Le Canada a enregistré une croissance significative du nombre de résidents temporaires au cours des dernières années. Sous ce même statut de résidence sont réunies des personnes aux conditions d’admission et de séjour qui varient grandement et qui sont soumises à des révisions fréquentes. Cette note offre une synthèse des principales catégories de résidence temporaire ainsi que des conditions qui leur sont associées.

La résidence temporaire est un statut à géométrie variable qui se décline en une multiplicité de règles changeantes. L’admission et le séjour des résidents temporaires au Canada sont conditionnés par des autorisations et des restrictions si hétérogènes qu’elles produisent des régimes de droits différenciés parmi les personnes à statut temporaire, avec des effets sur la société dans son ensemble.

De multiples catégories de résidence temporaire

Il existe trois statuts de résidence au Canada : la citoyenneté, la résidence permanente et la résidence temporaire. Les deux premiers octroient des droits similaires, avec quelques exceptions, la plus notable étant le droit de vote qui est réservé aux personnes citoyennes.

Le statut de résidence temporaire octroie des droits comparativement limités, notamment en ce qui a trait à l’emploi et l’accès aux services. Or, la population détenant ce statut au Canada a augmenté de manière importante depuis une quinzaine d’années. En 2025, elle est estimée à environ 3 millions de personnes alors qu’elle était de moins d’un million en 2010 (Statistique Canada, 2025; Citoyenneté et Immigration Canada, 2010). La résidence temporaire est désormais la principale voie d’admission des personnes immigrantes alors qu’auparavant elles étaient admises à titre de résidents permanents, ce qui constitue un tournant majeur dans les politiques d’immigration canadiennes.

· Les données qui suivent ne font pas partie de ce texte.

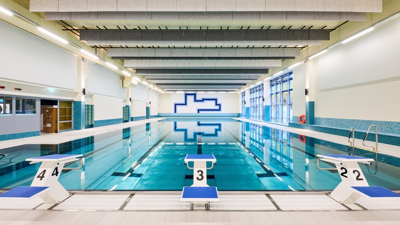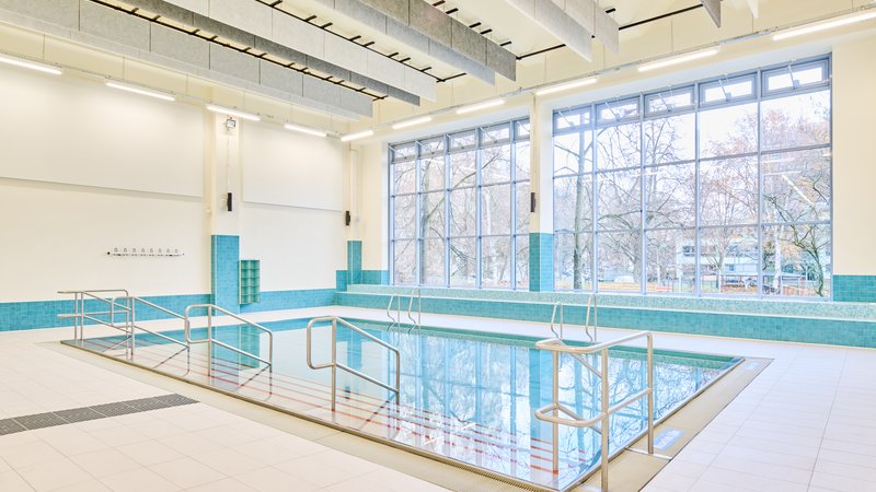 Bei der letzten Teilsanierung zwischen September 2023 und Dezember 2025 wurde das 25-Meter-Schwimmerbecken mit Edelstahl ausgekleidet, die sanitären Anlagen erneuert, das Foyer neu gestaltet, große Teile der Badewasseraufbereitung saniert, das Dach gedämmt und mit einer Photovoltaikanlage ausgestattet. Die Halle verfügt neben dem Schwimmerbecken auch über ein Lehrschwimmbecken aus Edelstahl.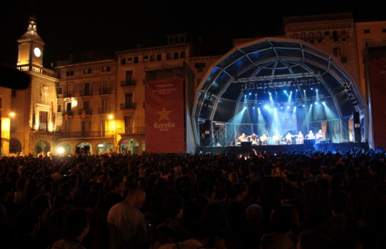 Los Delincuentes y Tomasito han acostat aquest dissabte tota la rumba que han portat directament des de Jerez de la Frontera fins a la Plaça Major de Vic. El públic s’ha afegit ràpidament al so dels andalusos amb les seves guitarres, un caixó, els palmells de les mans i un baix elèctric. La formació ha desgranat al Mercat els títols del seu últim treball “Los hombres de las praderas y sus bordones calientes”, però també han tocat temes més antics i molt ballables com “La Primavera Trompetera”.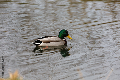 Obraz premium Duck swimming in a river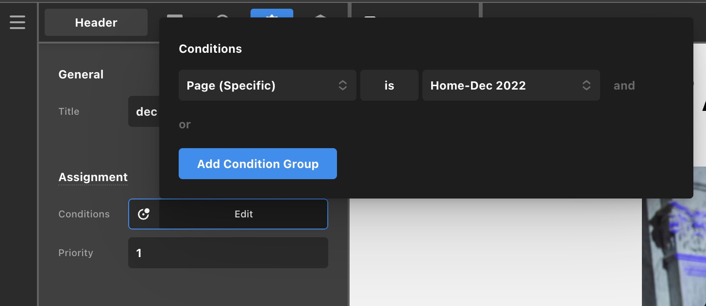 the header displays on a live page but doesn’t display on the real time canvas–this particular page displays a conditional header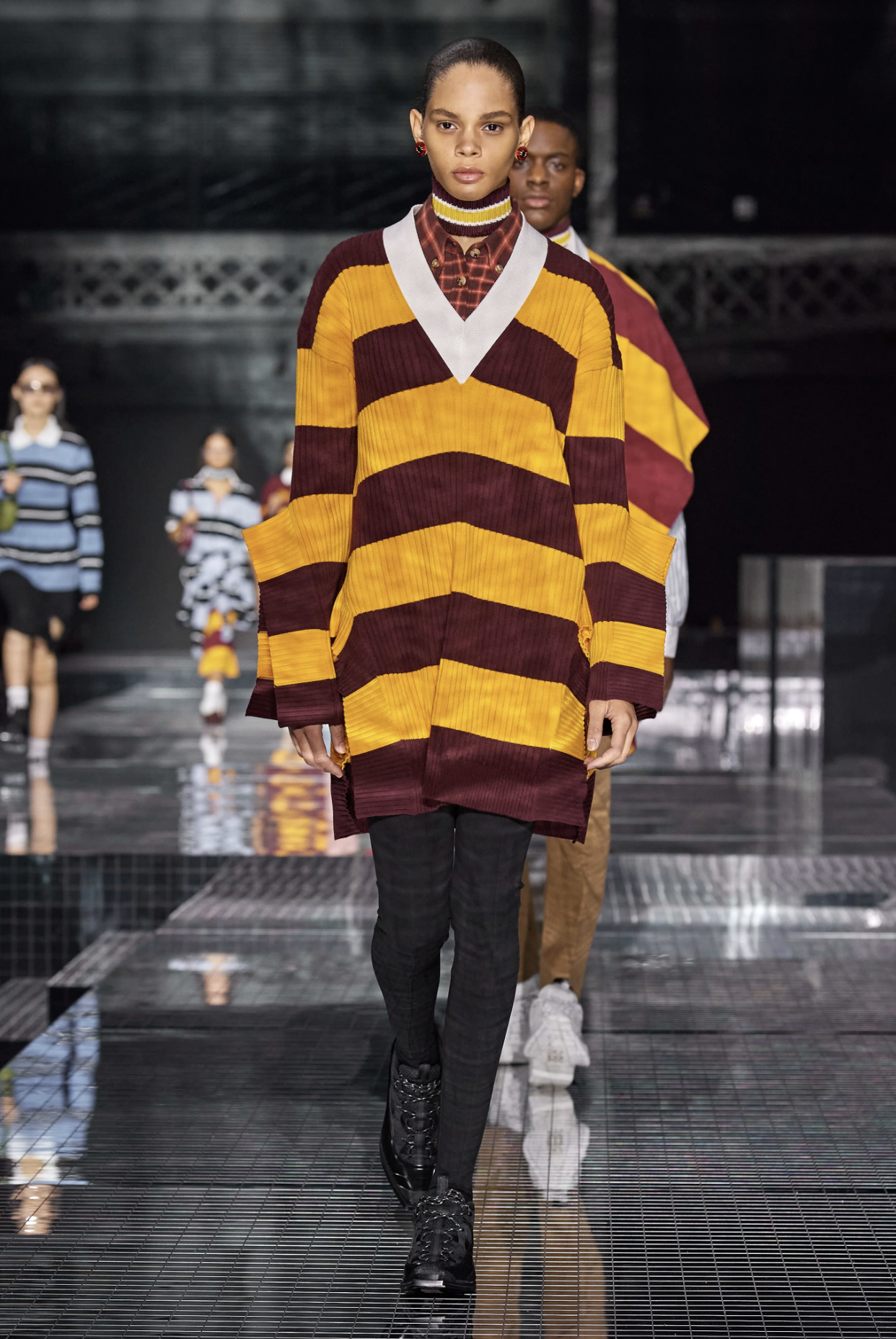 Keine Frage, Burberry hatte für die kommende Herbst Winter Saison jede Menge tolle Trenchcoats und Mäntel auf Lager, meine persönlichen Highlights waren aber die gestreiften Pullover, Capes und Longsleeves (insbesondere in Überlänge), die an klassische Rugby-Shirts erinnerten.

Ce statut se subdivise en trois catégories de résidence : 1) les travailleurs temporaires, 2) les étudiants internationaux et 3) les personnes en demande d’asile et protégées1. Comme en fait état le graphique 1, en 2024, sur les 1,6 million de résidents temporaires admis au Canada, 89 % étaient des travailleurs temporaires (12 % avec le PTET et 45 % avec le PMI) ou des étudiants internationaux (32 %).

Le graphique plus bas montre que la résidence temporaire se subdivise en de nombreuses catégories qui définissent différentes conditions d’admission et de séjour, particulièrement pour les travailleurs temporaires. Ces catégories de résidence temporaire sont régies par le gouvernement fédéral. Toutefois, en vertu de l’accord Québec-Canada relatif à l’immigration et à l’admission temporaire des aubains de 1991, le Québec dispose de compétences particulières en immigration qui lui octroient certaines responsabilités de sélection dans le cadre du Programme des travailleurs étrangers temporaires (PTET), telles que l’approbation des évaluations d’impact sur le marché du travail (EIMT) et la délivrance de certificats d’acceptation aux travailleurs temporaires du PTET.

Des conditions d’admission et de séjour hétérogènes

Trois facteurs principaux expliquent l’hétérogénéité des conditions d’admission et de séjour des résidents temporaires au Canada. Le premier et principal facteur est la catégorie de résidence temporaire, qui détermine les modalités d’obtention, d’usage et de renouvellement d’un permis de séjour.

Le second facteur relève de la province de résidence. Les provinces jouent un rôle déterminant dans les conditions de séjour des résidents temporaires en raison de leurs compétences exclusives en matière de santé, d’éducation et d’emploi, et de leurs responsabilités partagées avec le gouvernement fédéral en ce qui concerne l’immigration

Le troisième facteur tient au pays de citoyenneté des personnes à statut temporaire. En effet, certains pays ont conclu des ententes avec les gouvernements fédéral ou provinciaux qui prévoient des conditions d’admission et de séjour spécifiques pour leurs ressortissants.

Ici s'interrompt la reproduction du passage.